The video then showed a Marine raising his rifle toward a prisoner laying on the floor of the mosque but neither NBC nor CNN showed the bullet hitting the man. At that moment the video was blacked out but the report of the rifle could be heard. Sites reported a Marine in the same unit had been killed just a day earlier when he tended to the booby-trapped dead body of an insurgent.
Sorry, but if you’re booby-trapping your own dead and using suicide bombers as a primary weapon, you’re clearly not operating by the Geneva Convention and the Marines are more than justified in blowing away any enemy combatant at any time, prisoner or not.

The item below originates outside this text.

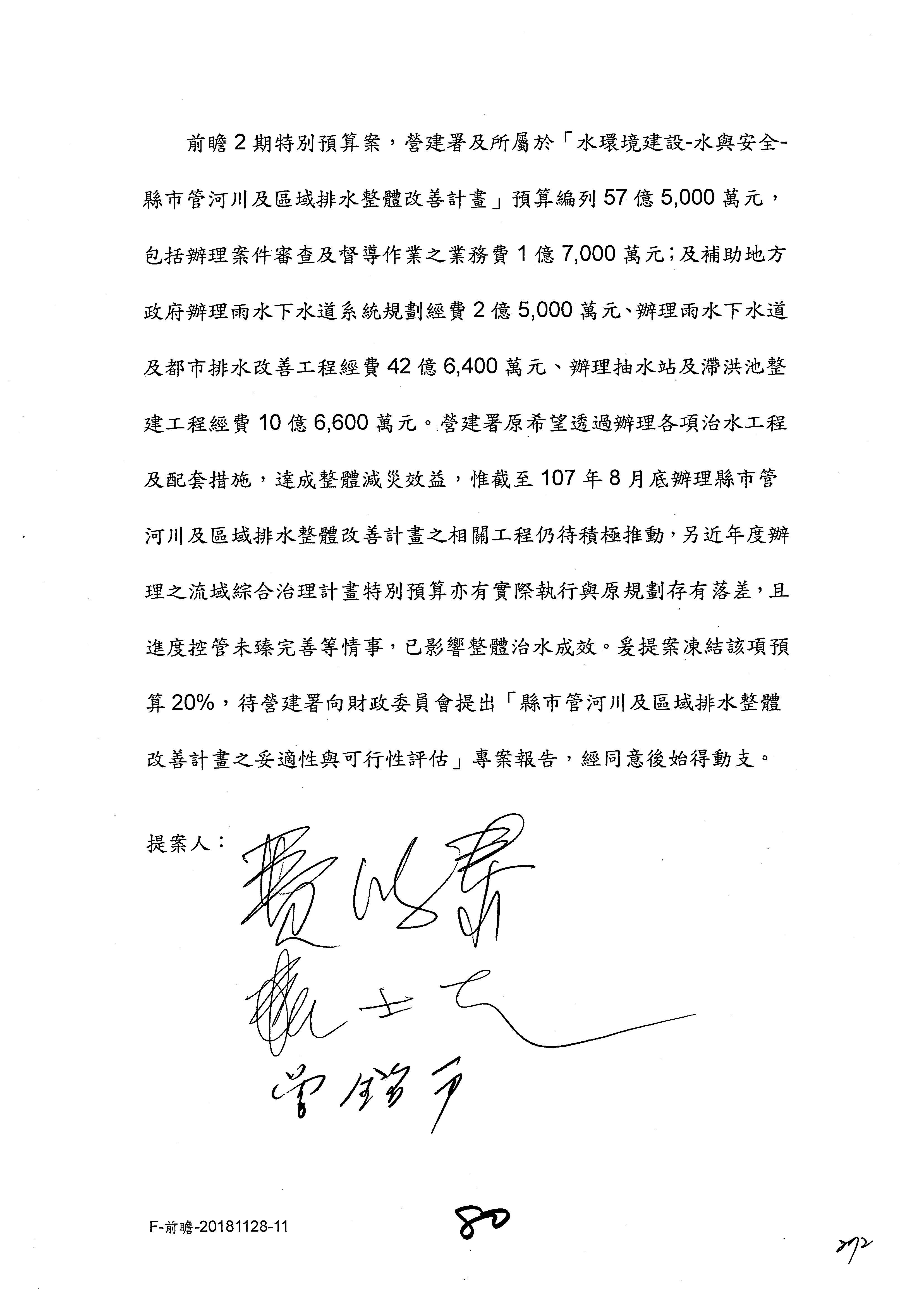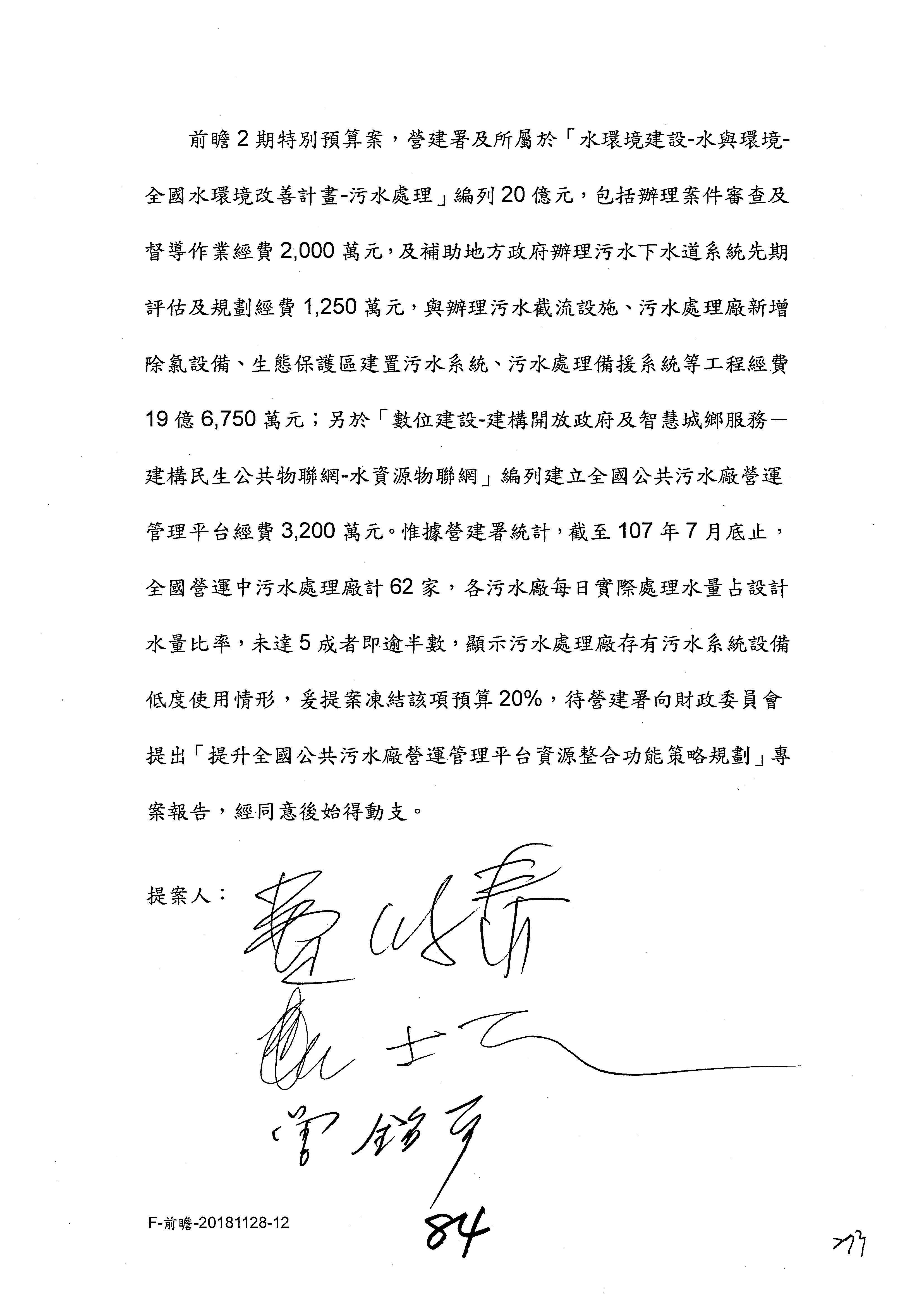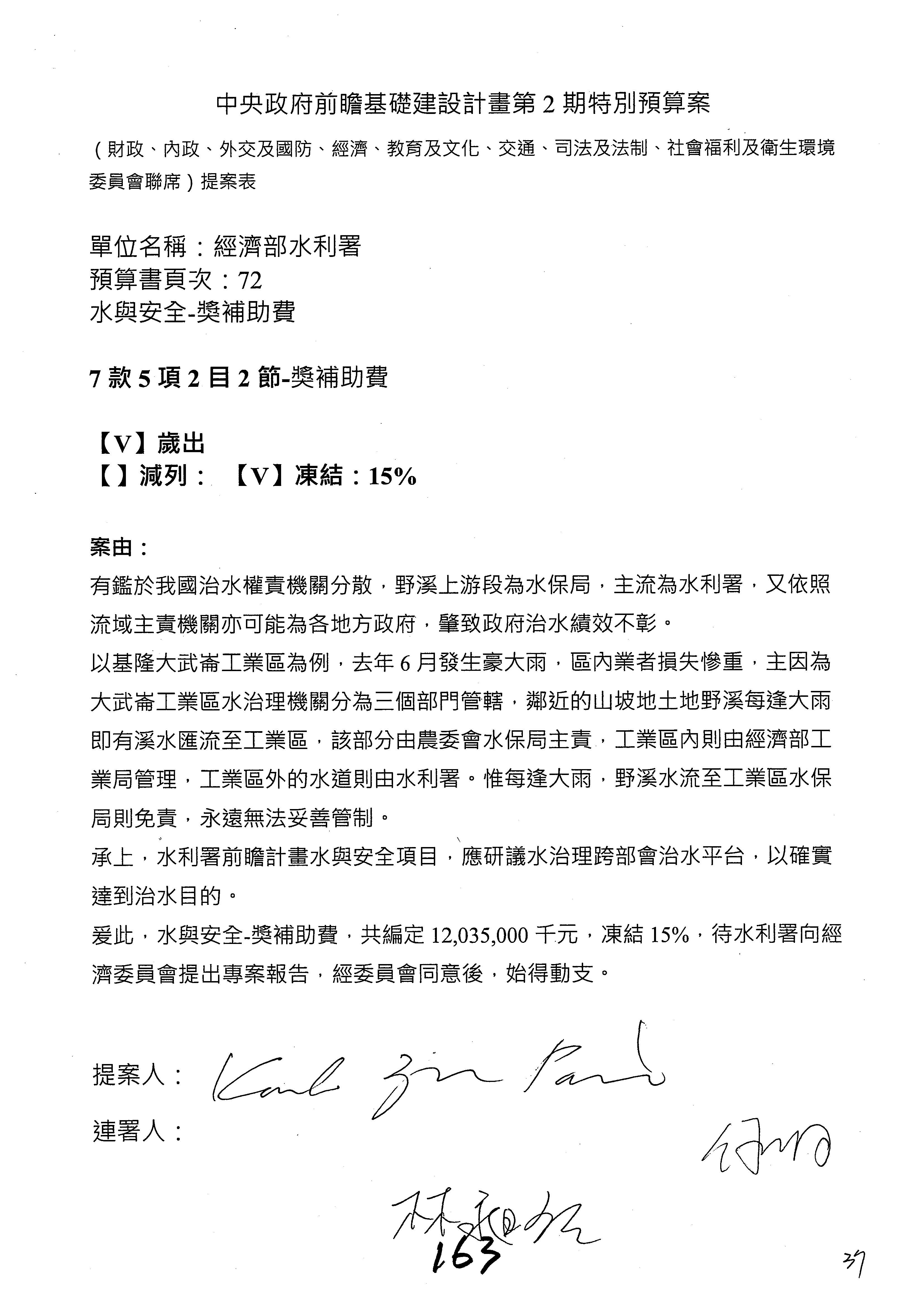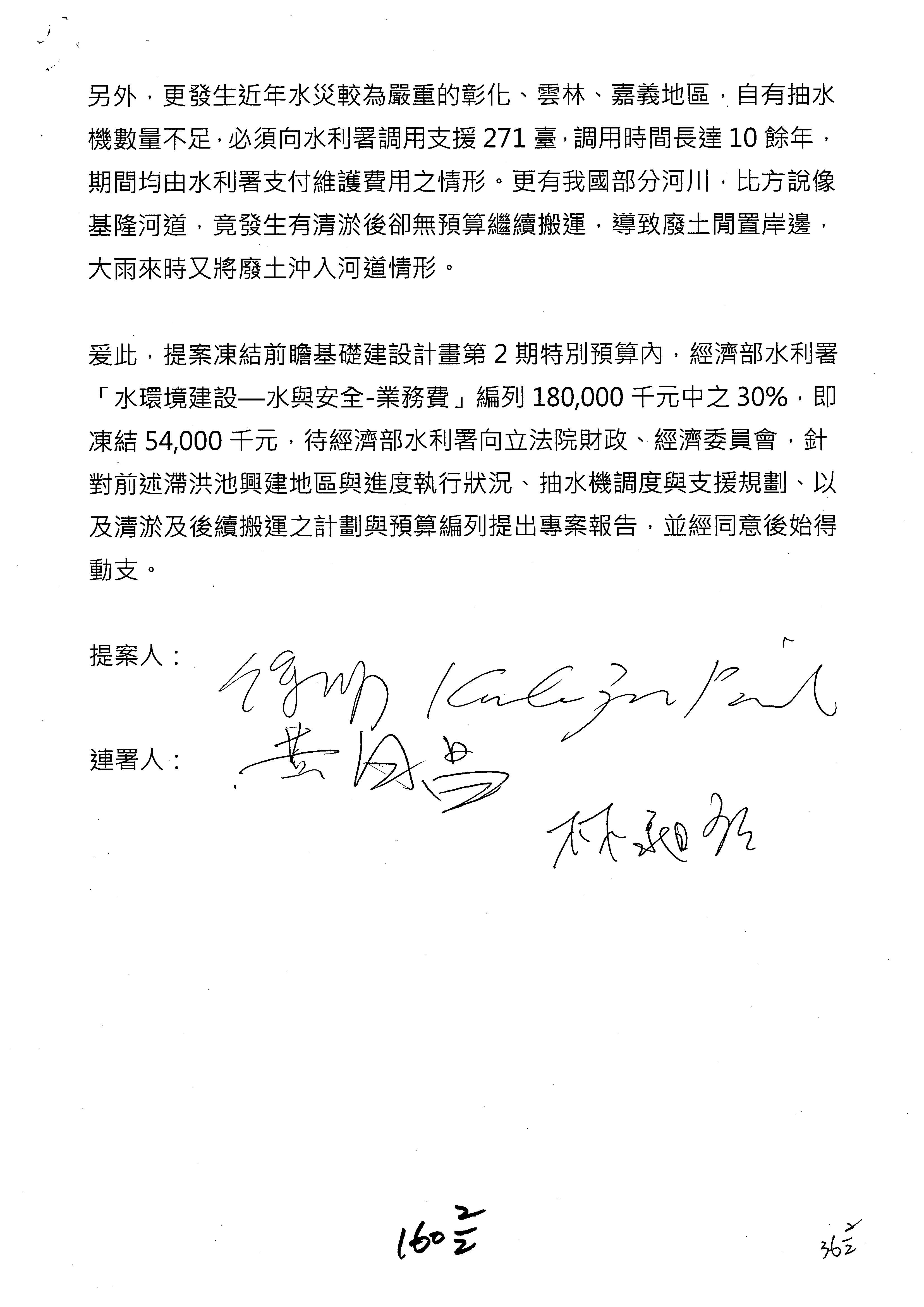第154案至第164案合併處理,其中第162案、第163案合併獎補助費凍結20%,專案報告;另其餘水環境等相關經費凍結10%,專案報告。

I’m not a supporter of this nation-building quasi-war, but it is disgusting for civilians sitting in the safety of their air-conditioned offices try to pass judgment on young men operating in extreme peril against an enemy that openly spurns what few rules exist in wartime.
I’m not sure to what degree these “insurgents”, as the Marines call them, can be classified as terrorists. The foreign jihadists clearly are, while many of those belonging to the Iraqi resistance probably are not. The problem is that the history of terrorism strongly suggests that taking terrorists captive is short-sighted and ineffective, as the next hostage situation will demand their release.